--- Data to use Enclosed Below ---
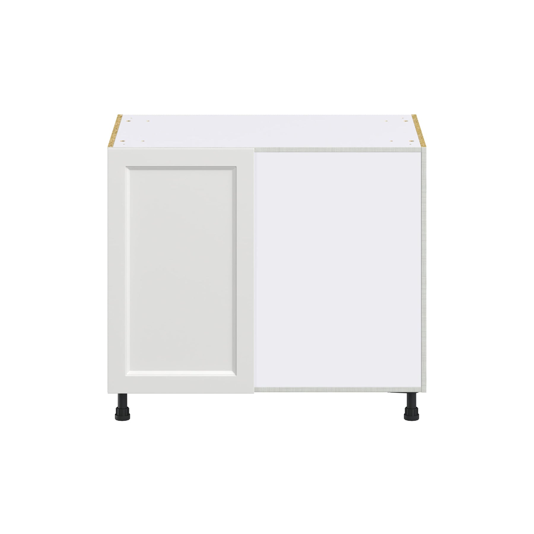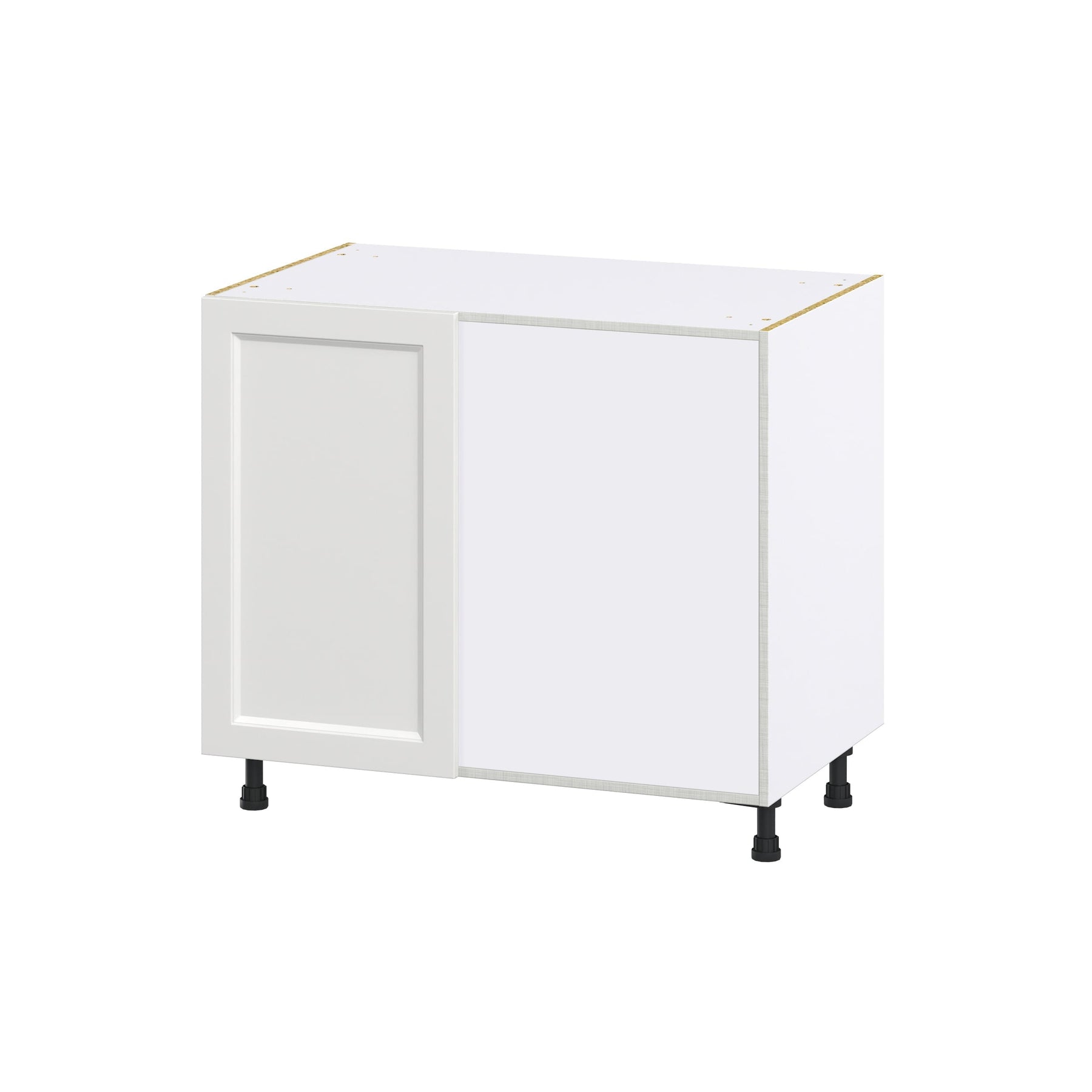 The Hugo&Borg Riviera Blind Corner Base Cabinet is an elegant storage solution for maximizing kitchen space. With its recessed panel Shaker style and bright white finish, this cabinet pairs a contemporary aesthetic with practical functionality, making it ideal for both professional remodels and sophisticated home DIY projects.
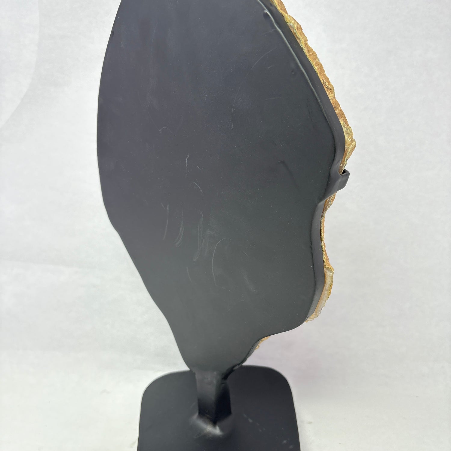 Satisfy your craving for natural beauty with this Chocolate Agate Slice! Featuring rich chocolate-brown banding that surrounds a stunning purple amethyst center, this unique slice creates a delicious color combination that's both soothing and sophisticated. The illuminated table stand brings out every layer and crystal detail, making the amethyst druze sparkle like tiny stars against the warm brown backdrop. Perfect for adding cozy elegance to any space, this piece combines the grounding energy of agate with amethyst's calming properties for a display that's as beneficial as it is beautiful!
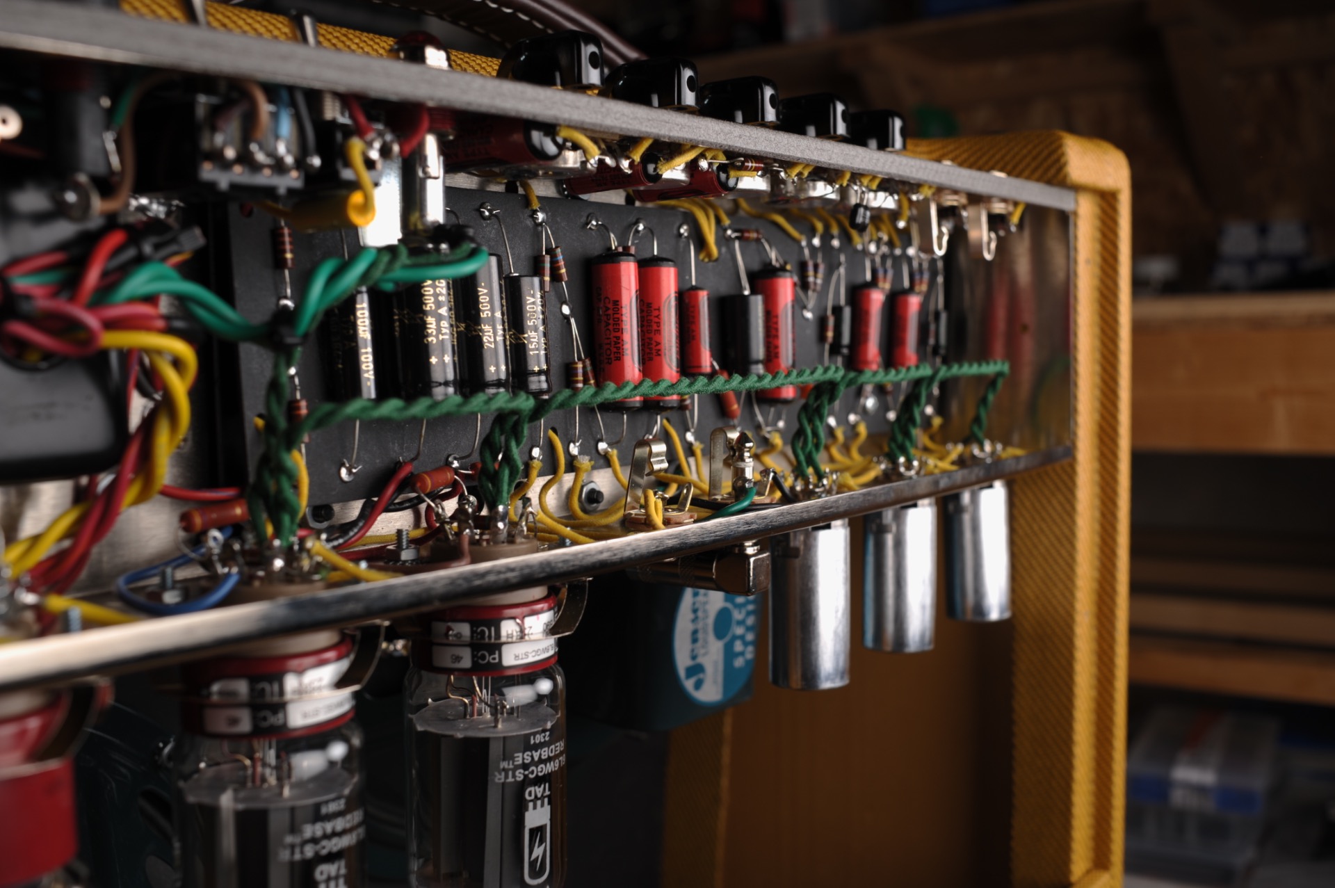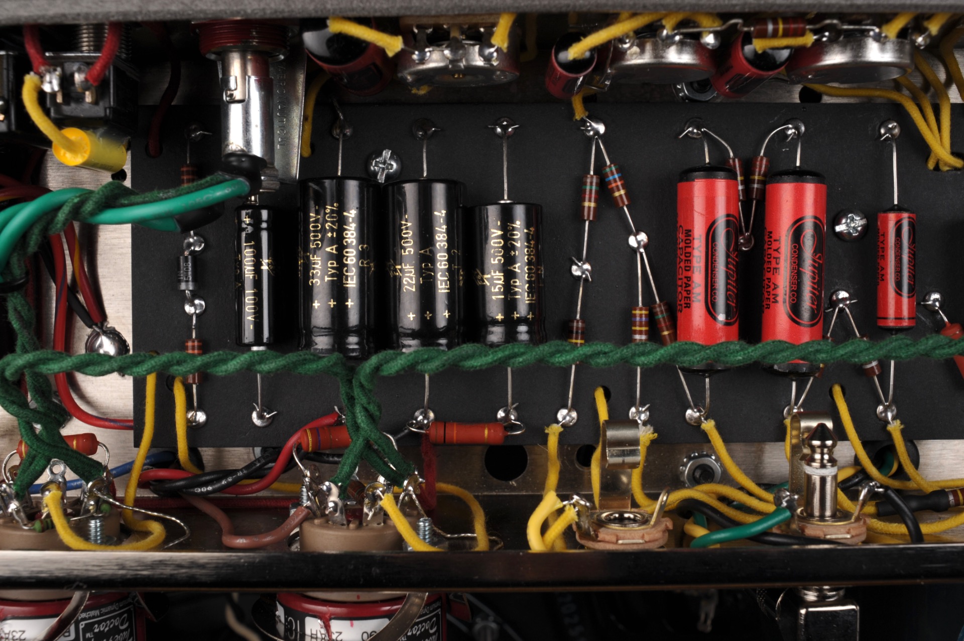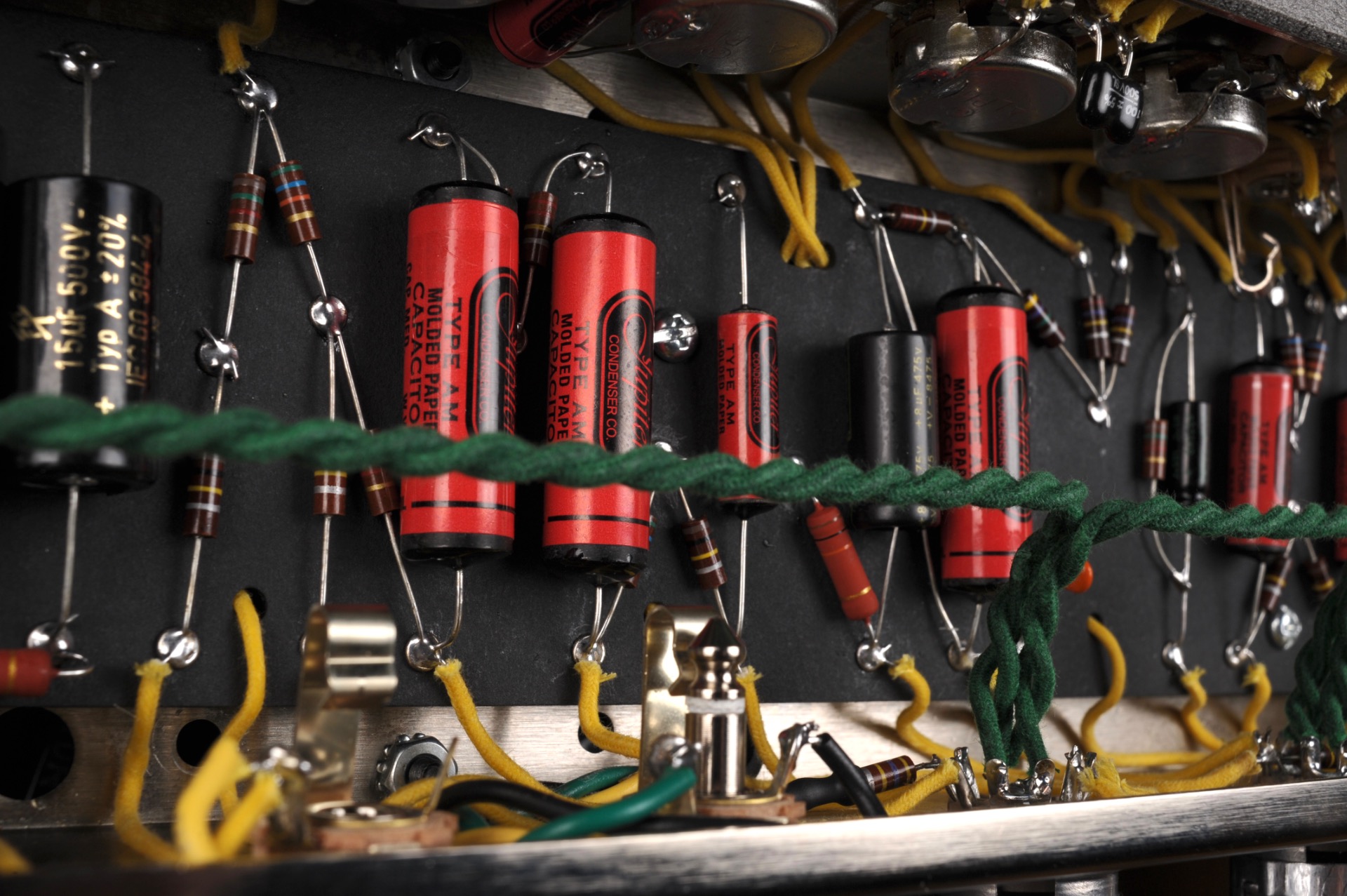 Tweed Super 5f4 til salgs! Denne er nettop bygget på verkstedet, og er klar for en som ønsker seg noe helt spesielt. Denne gir 27 cleane watt og 38 overstyrte watt. Forsterkeren er satt opp med F&T (store) og sprague (små) elektrolyttkondensatorer, fullt kit med Jupiter «red astron» kondensatorer, belton rørsokler og rørclips, carbon kompositt-motstander, og 2 stk 10 tommer jensen alnico høyttalere. Kabinettet er håndbygget i usa, er fingerskjøtt og er i heltre.
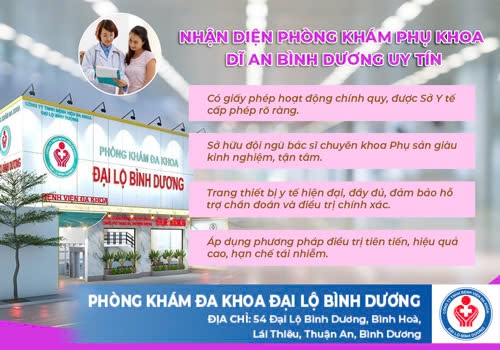 ☞ Để an tâm hơn, chị em nên chủ động lựa chọn các phòng khám lớn, được cấp phép chính thức như Phòng Khám Đa Khoa Đại Lộ Bình Dương. Đây là cơ sở y tế được đánh giá cao, hội tụ đội ngũ bác sĩ giỏi, trang thiết bị hiện đại, quy trình điều trị khoa học cùng mức chi phí hợp lý, dịch vụ tốt… sẽ mang đến chất lượng cao trong thăm khám và điều trị.
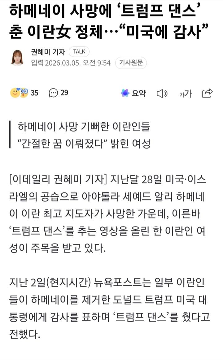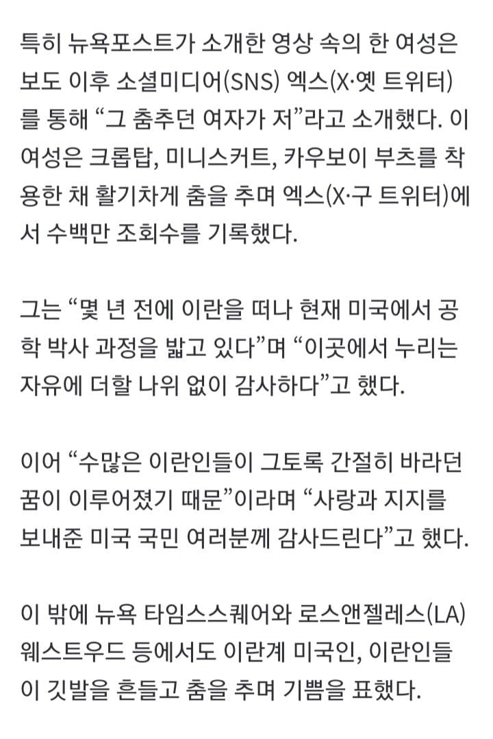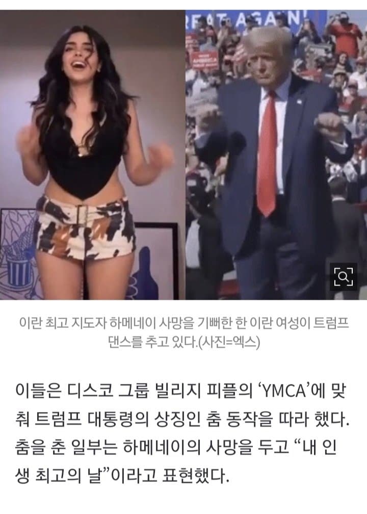 설마 저거 보고 이란 일반인은 미국 좋아하겠지라고 생각하는거냐? 쟤가 댄스추고 난리난건 이란에 살고 있지 않기 때문이다 지금 이란 전국토가 미사일 폭격을 받고있다. 이제는 친미파가 자생적으로 생길수가 없는 환경이다
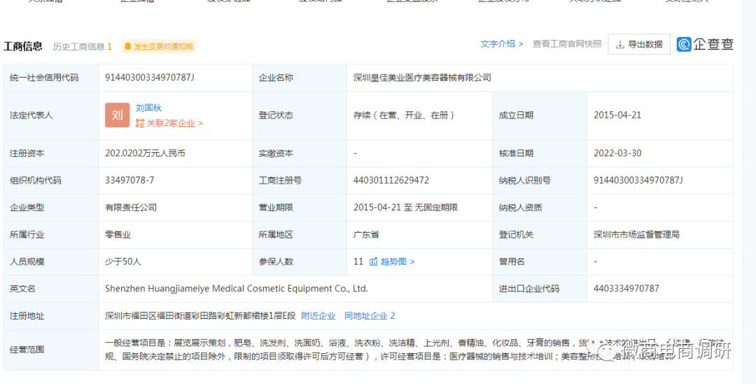 皇佳翼美隸屬于深圳皇佳美業(yè)醫(yī)療美容器械有限公司。企查查APP顯示,深圳皇佳美業(yè)醫(yī)
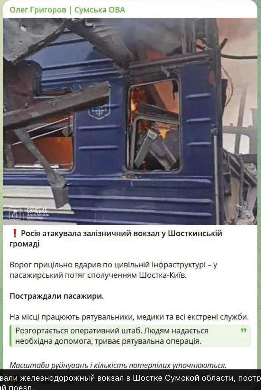 12:15 Дроны атаковали железнодорожный вокзал в Шостке Сумской области, пострадал пассажирский поезд.
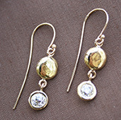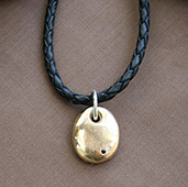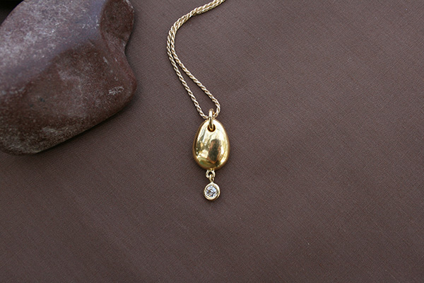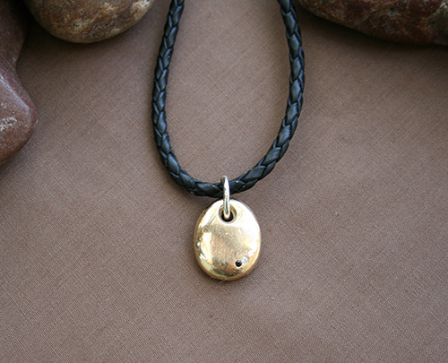 In this locally inspired offering, Catharine M displays her creative versatility with the incomparable River Stone Collection. These exquisite stones are hand collected along Northern California coastline beaches and Sonoma County river beds by Catharine and her two beautiful daughters. The hole drilled in each of these stones is lined with sterling silver, 14, or 18 karat gold! A neck chain of sterling, gold, leather or ribbon harnesses the art. Also offered is a richer version of nature's water polished jewels, captured by Catharine M. in the simple buttery smoothness of river stones rendered in pure gold, with or without accent diamonds or other gemstones. This simple elegance alone, or juxtaposed and in tandem with these naturally polished river stones of extraordinary color, texture and richness allow the wearer to honor and celebrate the unmanufactured beauty of nature, by imbuing it with hand worked gold.
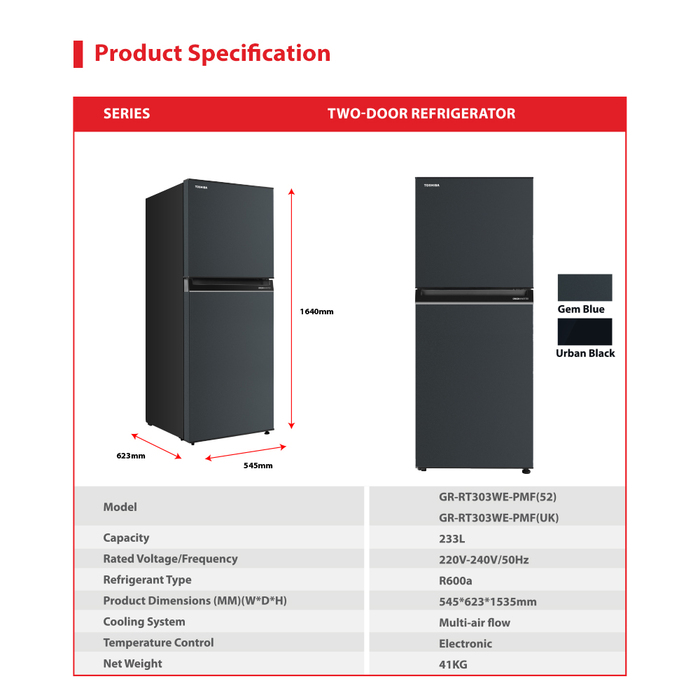 VMALL Toshiba Refrigerator Top Mounted Freezer Inverter,Double door,233L-GR-RT303WE-PMFC(52)
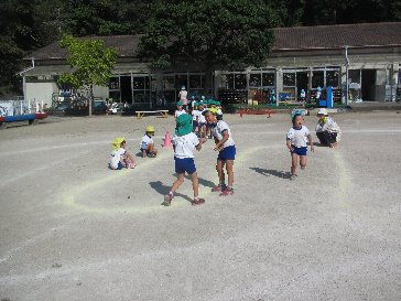 お兄さん、お姉さん達と一緒に、3歩当てや王様ドッジボール、警察泥棒ごっこをして、
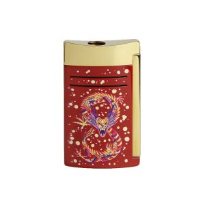 The S.T. Dupont MaxiJet Dragon Burgundy combines bold design with precise functionality. Its deep burgundy lacquer body, enhanced with gold-plated accents, exudes sophistication while providing a powerful, reliable jet flame for cigar enthusiasts.
--- End of Enclosed Data to use ---
**Assignment**
The listing above, line by line: print it exactly, but not its pictures.

**Result**
 The Hugo&Borg Riviera Blind Corner Base Cabinet is an elegant storage solution for maximizing kitchen space. With its recessed panel Shaker style and bright white finish, this cabinet pairs a contemporary aesthetic with practical functionality, making it ideal for both professional remodels and sophisticated home DIY projects.
 Satisfy your craving for natural beauty with this Chocolate Agate Slice! Featuring rich chocolate-brown banding that surrounds a stunning purple amethyst center, this unique slice creates a delicious color combination that's both soothing and sophisticated. The illuminated table stand brings out every layer and crystal detail, making the amethyst druze sparkle like tiny stars against the warm brown backdrop. Perfect for adding cozy elegance to any space, this piece combines the grounding energy of agate with amethyst's calming properties for a display that's as beneficial as it is beautiful!
 Tweed Super 5f4 til salgs! Denne er nettop bygget på verkstedet, og er klar for en som ønsker seg noe helt spesielt. Denne gir 27 cleane watt og 38 overstyrte watt. Forsterkeren er satt opp med F&T (store) og sprague (små) elektrolyttkondensatorer, fullt kit med Jupiter «red astron» kondensatorer, belton rørsokler og rørclips, carbon kompositt-motstander, og 2 stk 10 tommer jensen alnico høyttalere. Kabinettet er håndbygget i usa, er fingerskjøtt og er i heltre.
 ☞ Để an tâm hơn, chị em nên chủ động lựa chọn các phòng khám lớn, được cấp phép chính thức như Phòng Khám Đa Khoa Đại Lộ Bình Dương. Đây là cơ sở y tế được đánh giá cao, hội tụ đội ngũ bác sĩ giỏi, trang thiết bị hiện đại, quy trình điều trị khoa học cùng mức chi phí hợp lý, dịch vụ tốt… sẽ mang đến chất lượng cao trong thăm khám và điều trị.
 설마 저거 보고 이란 일반인은 미국 좋아하겠지라고 생각하는거냐? 쟤가 댄스추고 난리난건 이란에 살고 있지 않기 때문이다 지금 이란 전국토가 미사일 폭격을 받고있다. 이제는 친미파가 자생적으로 생길수가 없는 환경이다
 皇佳翼美隸屬于深圳皇佳美業(yè)醫(yī)療美容器械有限公司。企查查APP顯示,深圳皇佳美業(yè)醫(yī)
 12:15 Дроны атаковали железнодорожный вокзал в Шостке Сумской области, пострадал пассажирский поезд.
 In this locally inspired offering, Catharine M displays her creative versatility with the incomparable River Stone Collection. These exquisite stones are hand collected along Northern California coastline beaches and Sonoma County river beds by Catharine and her two beautiful daughters. The hole drilled in each of these stones is lined with sterling silver, 14, or 18 karat gold! A neck chain of sterling, gold, leather or ribbon harnesses the art. Also offered is a richer version of nature's water polished jewels, captured by Catharine M. in the simple buttery smoothness of river stones rendered in pure gold, with or without accent diamonds or other gemstones. This simple elegance alone, or juxtaposed and in tandem with these naturally polished river stones of extraordinary color, texture and richness allow the wearer to honor and celebrate the unmanufactured beauty of nature, by imbuing it with hand worked gold.
 VMALL Toshiba Refrigerator Top Mounted Freezer Inverter,Double door,233L-GR-RT303WE-PMFC(52)
 お兄さん、お姉さん達と一緒に、3歩当てや王様ドッジボール、警察泥棒ごっこをして、
 The S.T. Dupont MaxiJet Dragon Burgundy combines bold design with precise functionality. Its deep burgundy lacquer body, enhanced with gold-plated accents, exudes sophistication while providing a powerful, reliable jet flame for cigar enthusiasts.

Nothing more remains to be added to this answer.